Not Feeling In The Pink....Got Me a Case of the Blues

But it's all good....really!

We're not having a Jet Set Chicklet, after all. The ultrasound was wrong. We're going to be welcoming a new Tsarevich! He's Joseph Michael, after his grandfathers.

This time we are sure....amnio results don't lie! ;)

Now I just gotta find receipts for all those cute little dresses.....and get some more overalls. We're bracing ourselves for hospital runs because he's fallen out of a tree, he didn't quite pop a wheelie the right way on his bike, and when he tried to be Superman he didn't exactly nail that landing when he jumped off his bed.

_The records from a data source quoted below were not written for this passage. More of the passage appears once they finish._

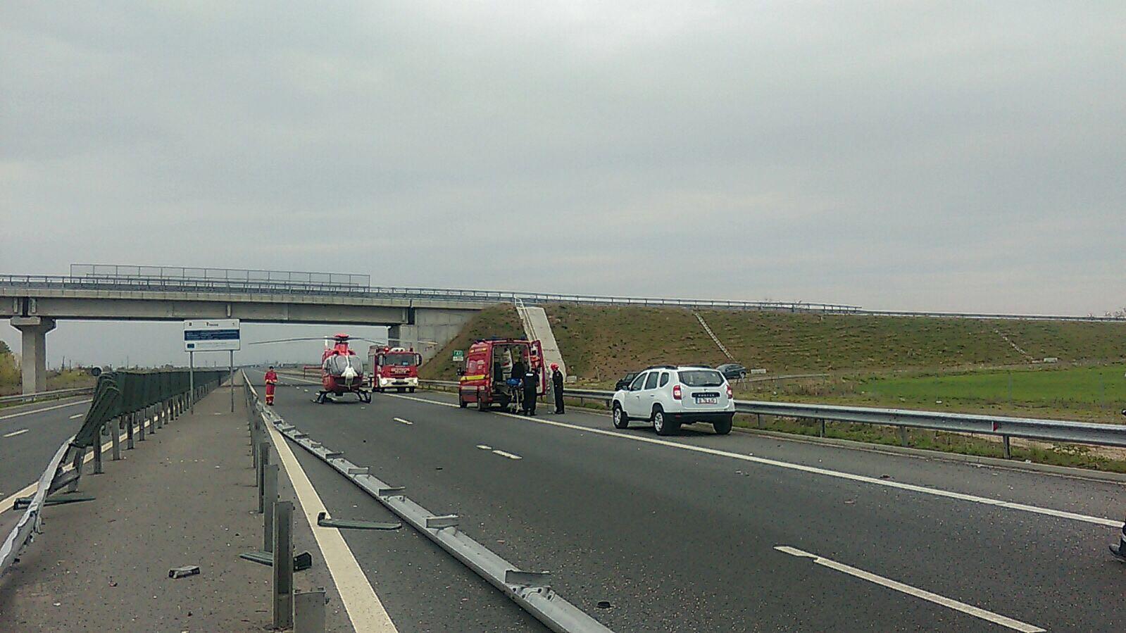 Accident EXTREM DE GRAV, pe A1, la KM 551. Un TIR şi trei maşini implicate, s-a intervenit cu descarcerare, mai multe ambulanţe şi elicopter SMURD (VIDEO)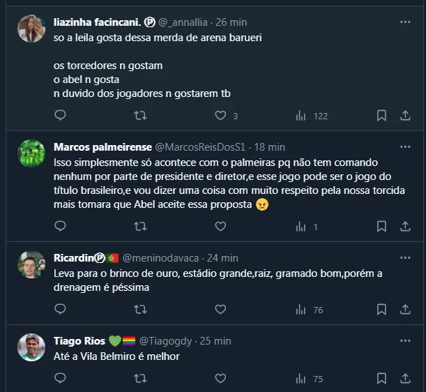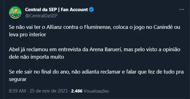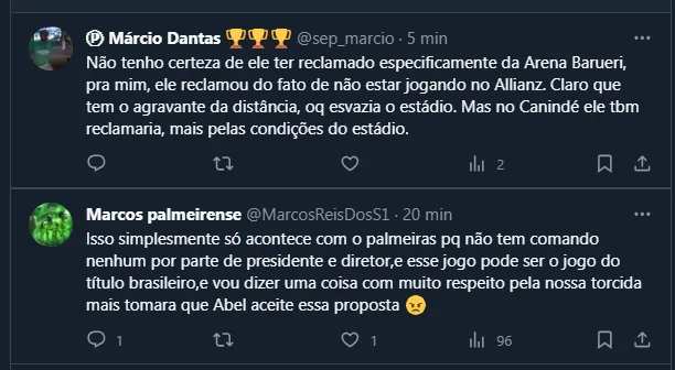 Entretanto, vale frisar que Abel Ferreira já reclamou bastante do local e parece não gostar de mandar partidas por lá. Até por isso, torcedores sugeriram outros estádios para o duelo, criticando muito Leila Pereira por não ligar para as reclamações do português.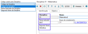 - Código usado para Disciplina: Com as definições do nome, é possível indicar qual será a referência de código a ser extraído do cadastro da Disciplina.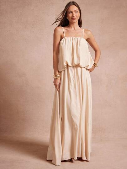 L'Amorae Women's Summer Solid Color Pleated Loose Fashion Spaghetti Strap Dress - White - View 1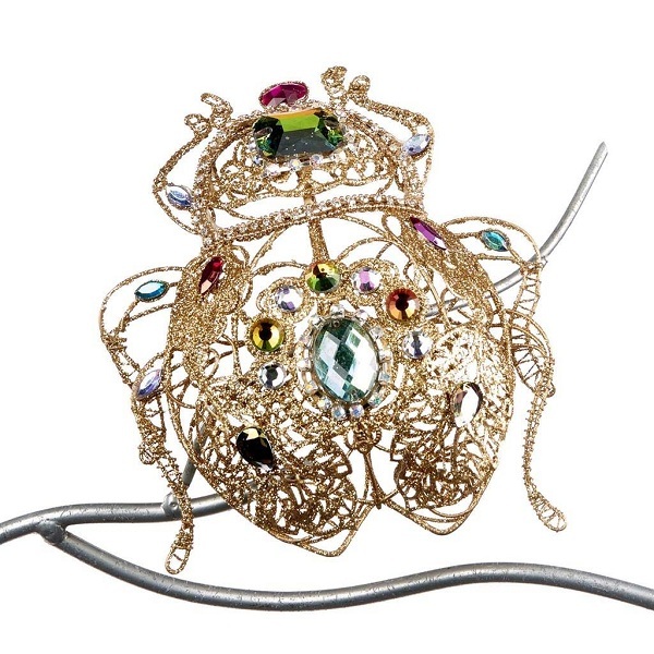 Драгоценный жук - изысканное украшение, выполненое вручную из декоративной проволоки, покрытой золотой краской. Акцентом декора являются стразы, которые выглядят так, словно это настоящие драгоценные камни. Крепится на ветку клипсой.

I'll just be happy if he doesn't bring swamp critters into our house someday. I mean, ok, we brought home lizards when we were kids, but Arizona lizards are tiny compared to what grows out here.

I can just see the difference now:

My mother, circa 1974 : "No, you can't keep him, he belongs out in the wild. Put him back. I hope it doesn't get eaten by one of the neighborhood cats."

Me, circa 2014: "@#$%! What the @#$% is that??? Get that out of my house, Joseph, before it bites the dog!!"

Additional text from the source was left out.